Records from a collection
______________________________

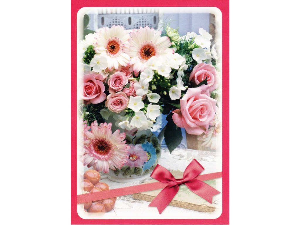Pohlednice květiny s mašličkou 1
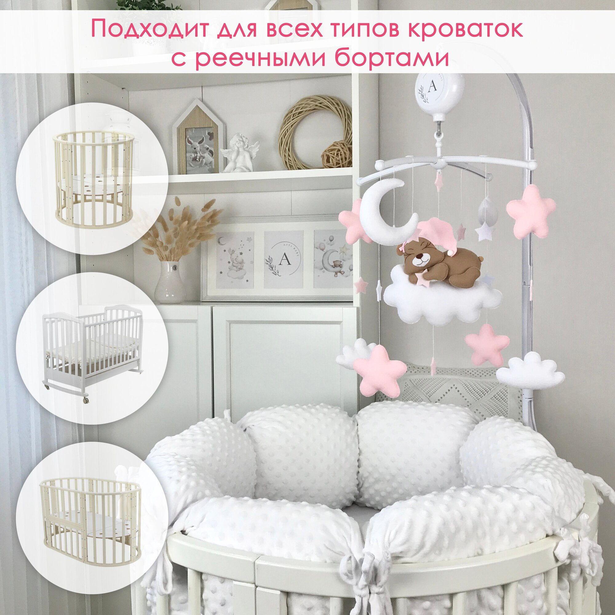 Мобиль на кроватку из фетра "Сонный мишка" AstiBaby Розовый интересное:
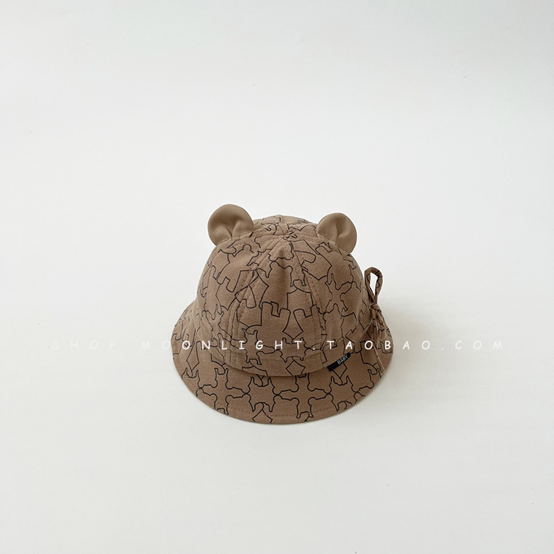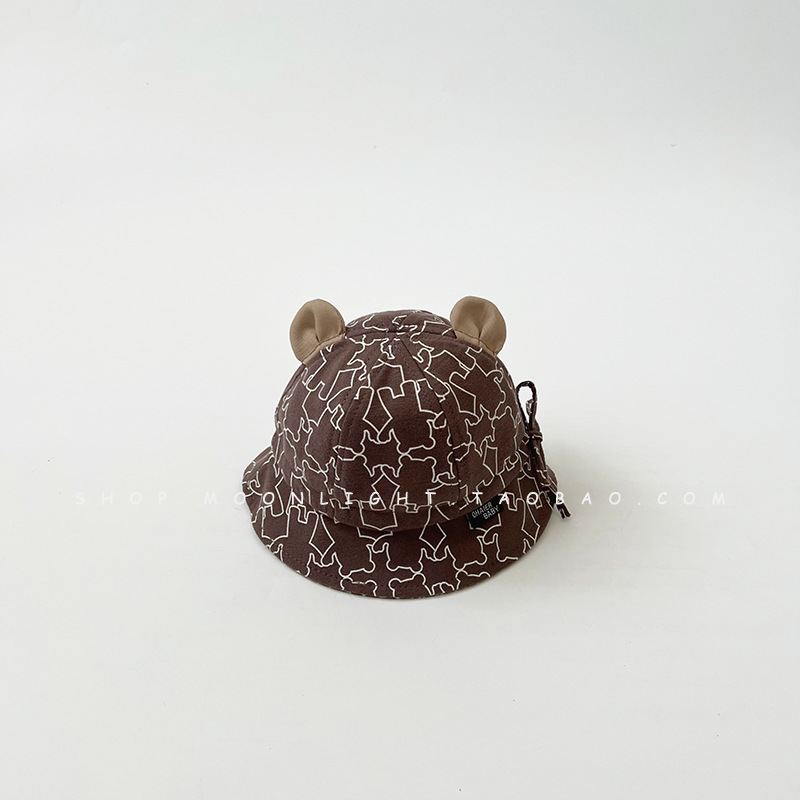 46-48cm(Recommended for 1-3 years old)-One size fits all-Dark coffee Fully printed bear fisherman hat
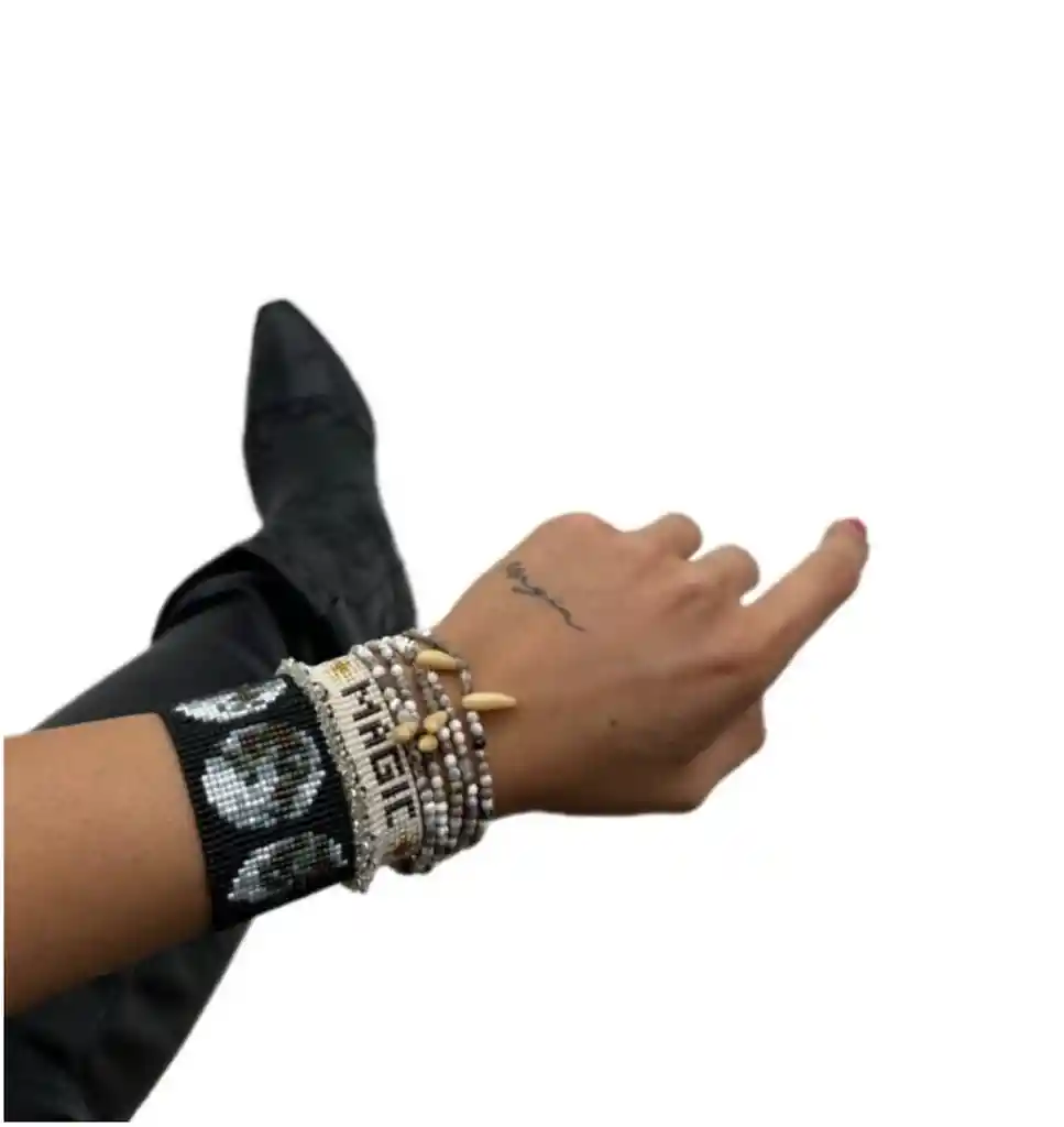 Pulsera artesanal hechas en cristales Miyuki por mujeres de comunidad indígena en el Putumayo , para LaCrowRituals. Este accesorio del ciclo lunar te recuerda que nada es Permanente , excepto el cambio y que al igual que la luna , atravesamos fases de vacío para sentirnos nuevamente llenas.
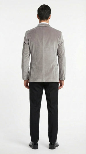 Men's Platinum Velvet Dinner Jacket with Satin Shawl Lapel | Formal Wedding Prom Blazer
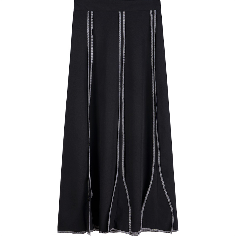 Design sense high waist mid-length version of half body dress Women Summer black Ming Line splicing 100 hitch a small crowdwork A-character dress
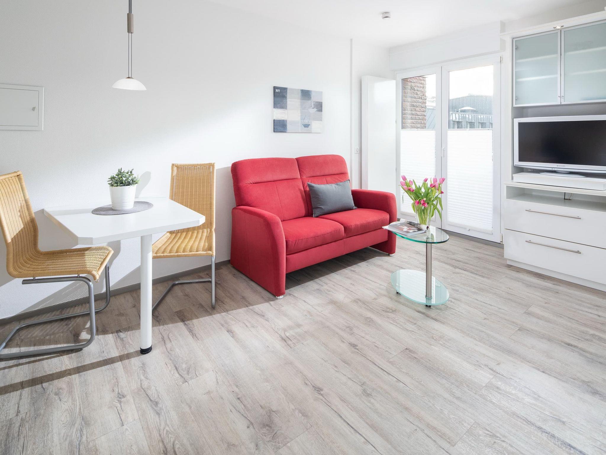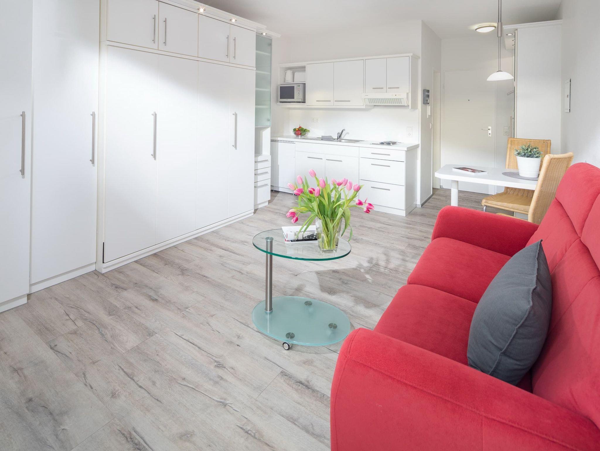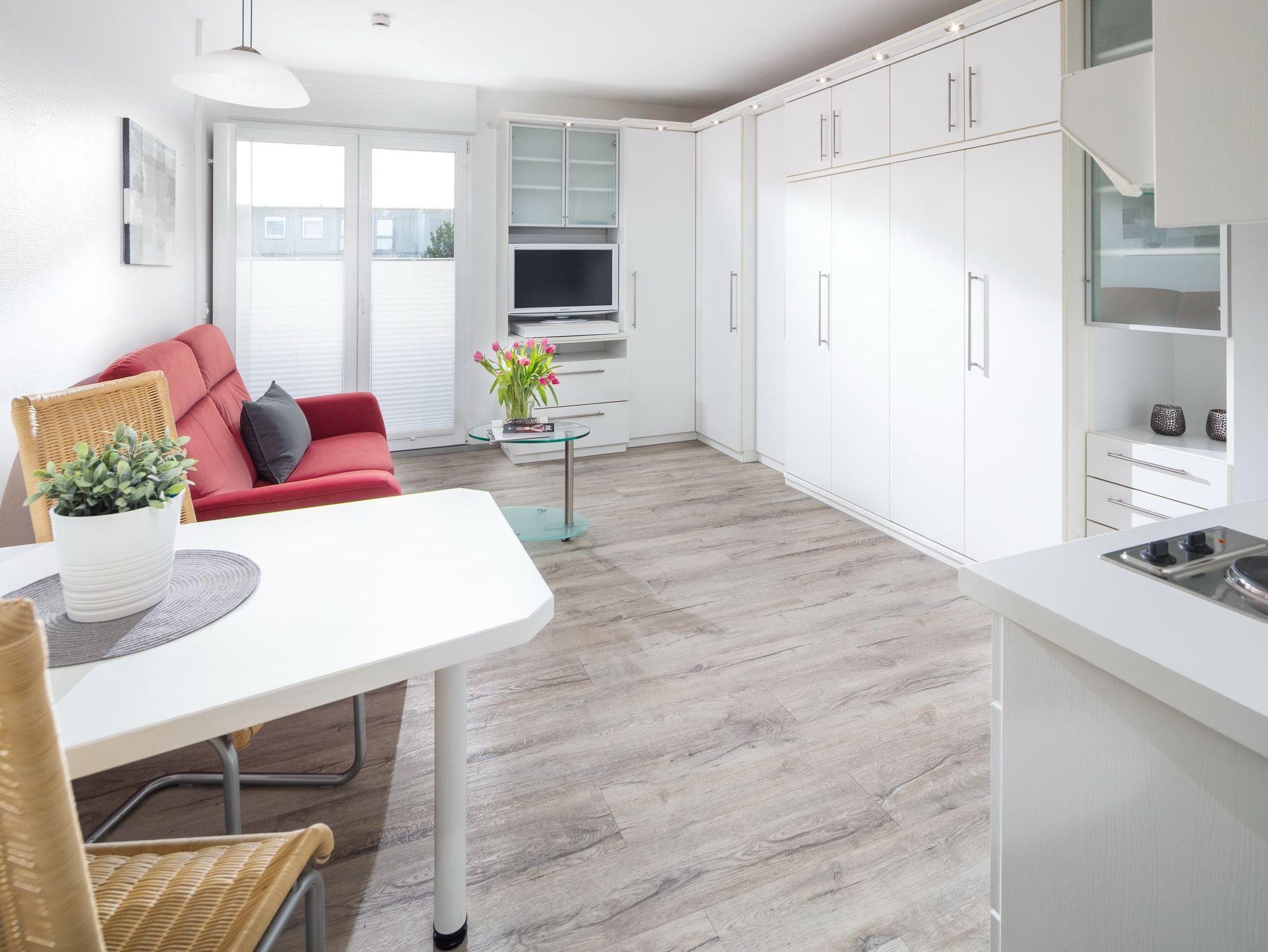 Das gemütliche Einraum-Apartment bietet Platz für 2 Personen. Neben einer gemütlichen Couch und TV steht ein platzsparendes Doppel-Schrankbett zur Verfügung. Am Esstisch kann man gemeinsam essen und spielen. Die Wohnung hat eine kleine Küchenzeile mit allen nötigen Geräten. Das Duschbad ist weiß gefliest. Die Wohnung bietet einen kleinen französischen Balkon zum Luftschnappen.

______________________________

Without the pictures, transcribe exactly the lines above from the one containing "Design sense high" through the last.

● Problem solution
 Design sense high waist mid-length version of half body dress Women Summer black Ming Line splicing 100 hitch a small crowdwork A-character dress
 Das gemütliche Einraum-Apartment bietet Platz für 2 Personen. Neben einer gemütlichen Couch und TV steht ein platzsparendes Doppel-Schrankbett zur Verfügung. Am Esstisch kann man gemeinsam essen und spielen. Die Wohnung hat eine kleine Küchenzeile mit allen nötigen Geräten. Das Duschbad ist weiß gefliest. Die Wohnung bietet einen kleinen französischen Balkon zum Luftschnappen.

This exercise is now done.